== WHAT YOU ARE ASKED TO DO ==
Word for word, repeat the lines of the records from the first line up to and including the line that contains "ЗАХАРИЕВ Р. Л., СТЫРОВ", passing over any pictures.

== INPUT DATA ==
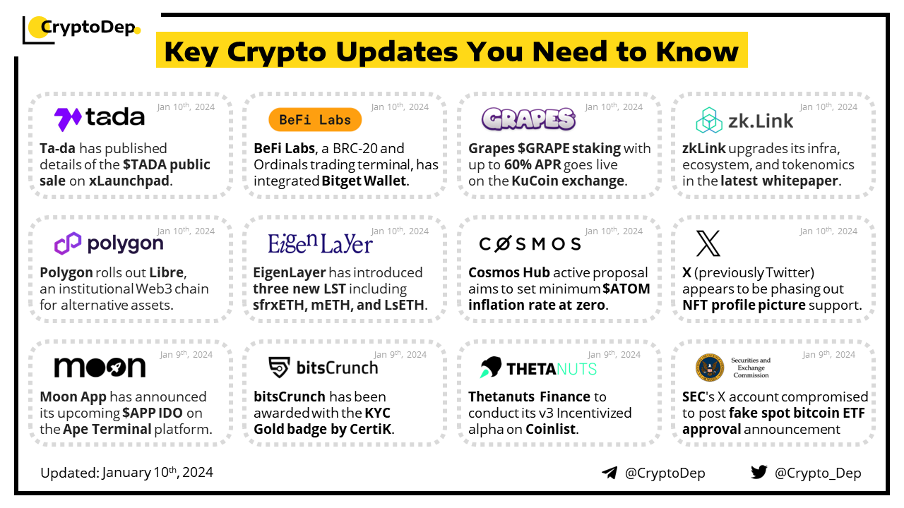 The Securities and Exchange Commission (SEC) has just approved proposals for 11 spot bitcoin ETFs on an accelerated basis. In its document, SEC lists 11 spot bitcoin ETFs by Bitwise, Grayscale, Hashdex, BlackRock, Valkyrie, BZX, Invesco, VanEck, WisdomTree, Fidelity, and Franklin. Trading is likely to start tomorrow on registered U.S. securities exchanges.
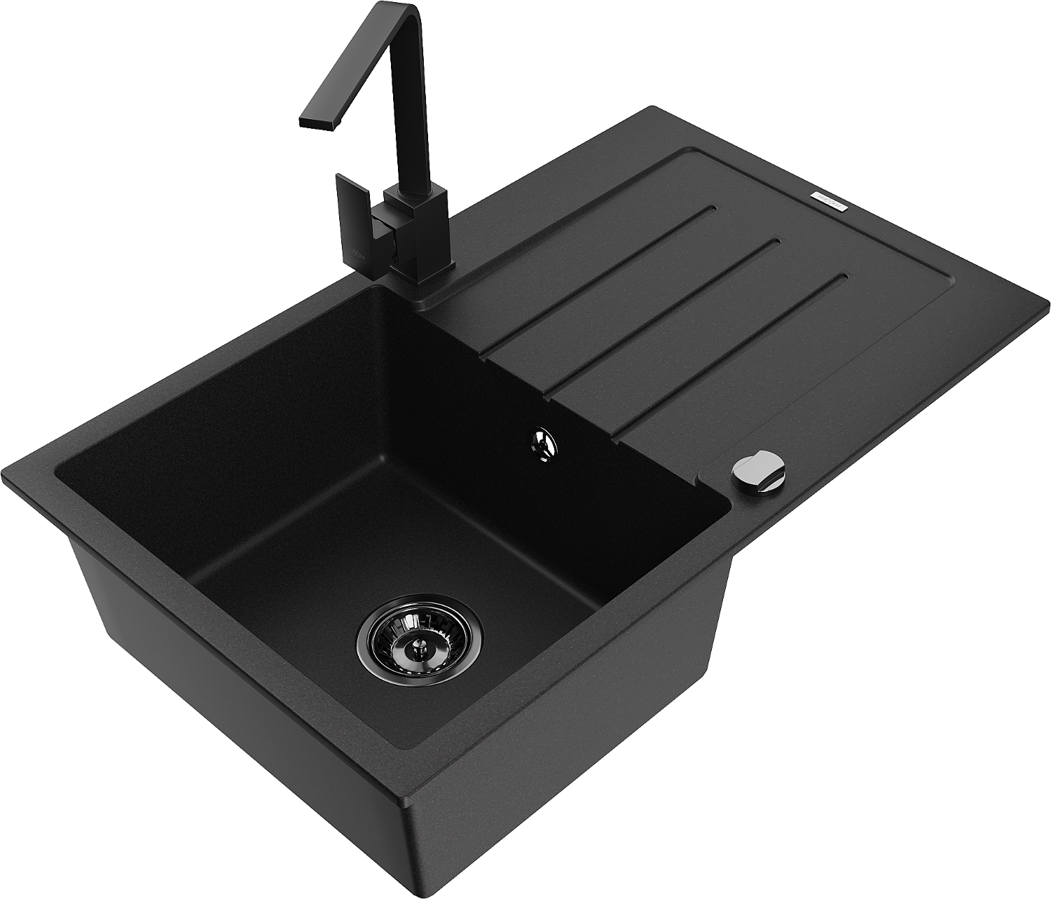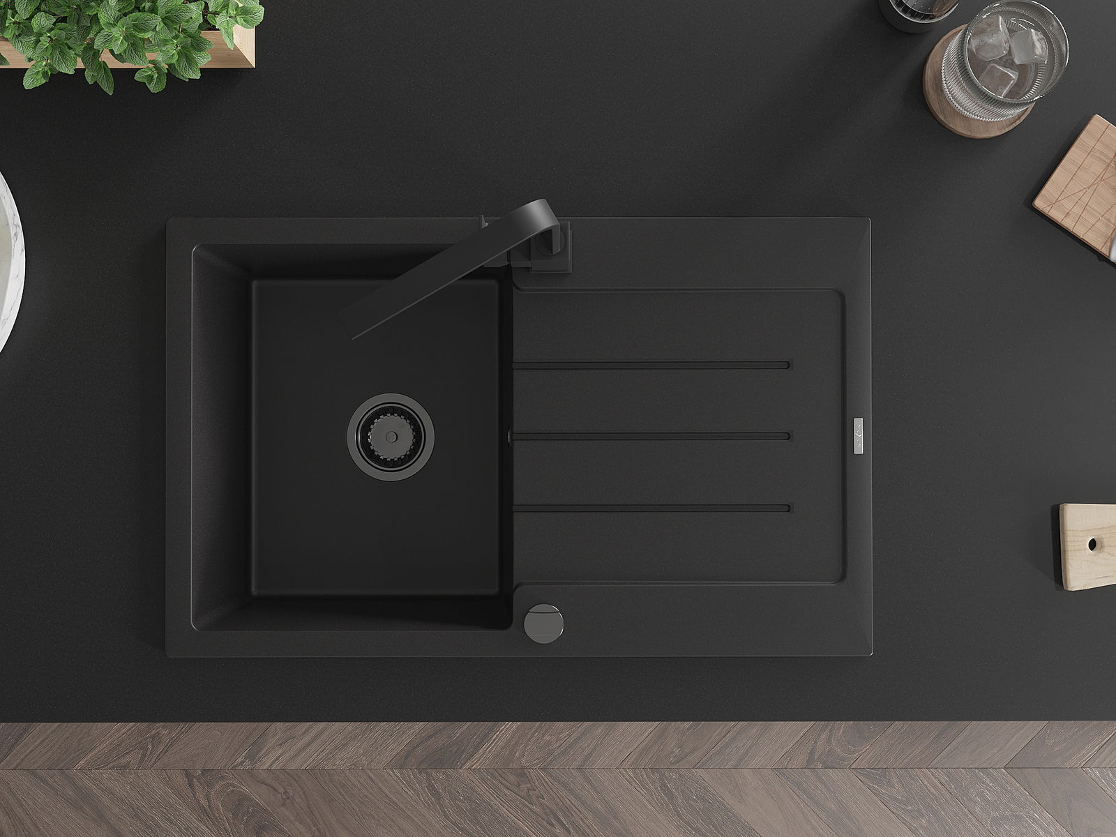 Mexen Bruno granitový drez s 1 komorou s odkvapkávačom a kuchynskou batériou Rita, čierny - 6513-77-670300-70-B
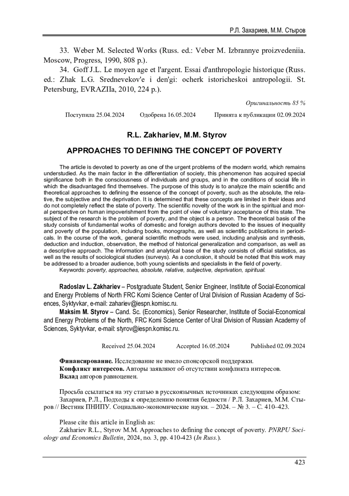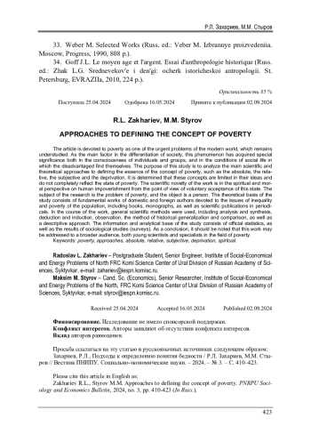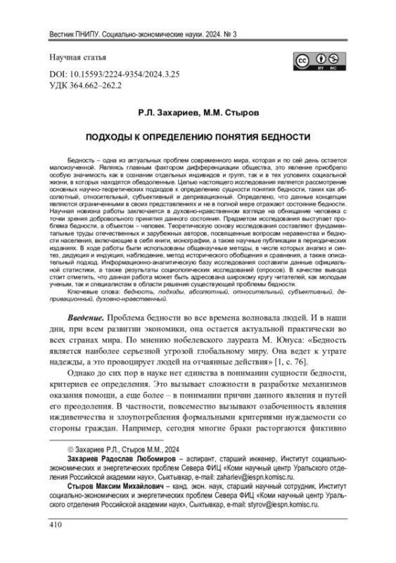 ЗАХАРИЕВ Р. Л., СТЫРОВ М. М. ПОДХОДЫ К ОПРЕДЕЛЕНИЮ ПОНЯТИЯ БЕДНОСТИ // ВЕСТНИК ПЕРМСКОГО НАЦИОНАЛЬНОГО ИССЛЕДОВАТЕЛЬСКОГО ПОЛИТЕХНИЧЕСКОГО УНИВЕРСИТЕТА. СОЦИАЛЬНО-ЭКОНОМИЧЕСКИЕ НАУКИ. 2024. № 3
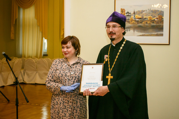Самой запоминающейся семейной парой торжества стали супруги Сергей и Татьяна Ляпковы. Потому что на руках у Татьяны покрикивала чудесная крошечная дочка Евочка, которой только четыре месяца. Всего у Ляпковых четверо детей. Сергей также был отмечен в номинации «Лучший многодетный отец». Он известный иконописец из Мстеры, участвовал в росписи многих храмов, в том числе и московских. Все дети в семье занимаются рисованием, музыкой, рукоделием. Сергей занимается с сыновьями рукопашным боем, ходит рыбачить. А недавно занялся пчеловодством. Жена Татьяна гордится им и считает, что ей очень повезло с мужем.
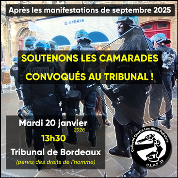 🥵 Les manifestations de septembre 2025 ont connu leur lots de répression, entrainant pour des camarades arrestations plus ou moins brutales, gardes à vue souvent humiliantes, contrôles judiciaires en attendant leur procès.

== EXERCISE ANSWER ==
 The Securities and Exchange Commission (SEC) has just approved proposals for 11 spot bitcoin ETFs on an accelerated basis. In its document, SEC lists 11 spot bitcoin ETFs by Bitwise, Grayscale, Hashdex, BlackRock, Valkyrie, BZX, Invesco, VanEck, WisdomTree, Fidelity, and Franklin. Trading is likely to start tomorrow on registered U.S. securities exchanges.
 Mexen Bruno granitový drez s 1 komorou s odkvapkávačom a kuchynskou batériou Rita, čierny - 6513-77-670300-70-B
 ЗАХАРИЕВ Р. Л., СТЫРОВ М. М. ПОДХОДЫ К ОПРЕДЕЛЕНИЮ ПОНЯТИЯ БЕДНОСТИ // ВЕСТНИК ПЕРМСКОГО НАЦИОНАЛЬНОГО ИССЛЕДОВАТЕЛЬСКОГО ПОЛИТЕХНИЧЕСКОГО УНИВЕРСИТЕТА. СОЦИАЛЬНО-ЭКОНОМИЧЕСКИЕ НАУКИ. 2024. № 3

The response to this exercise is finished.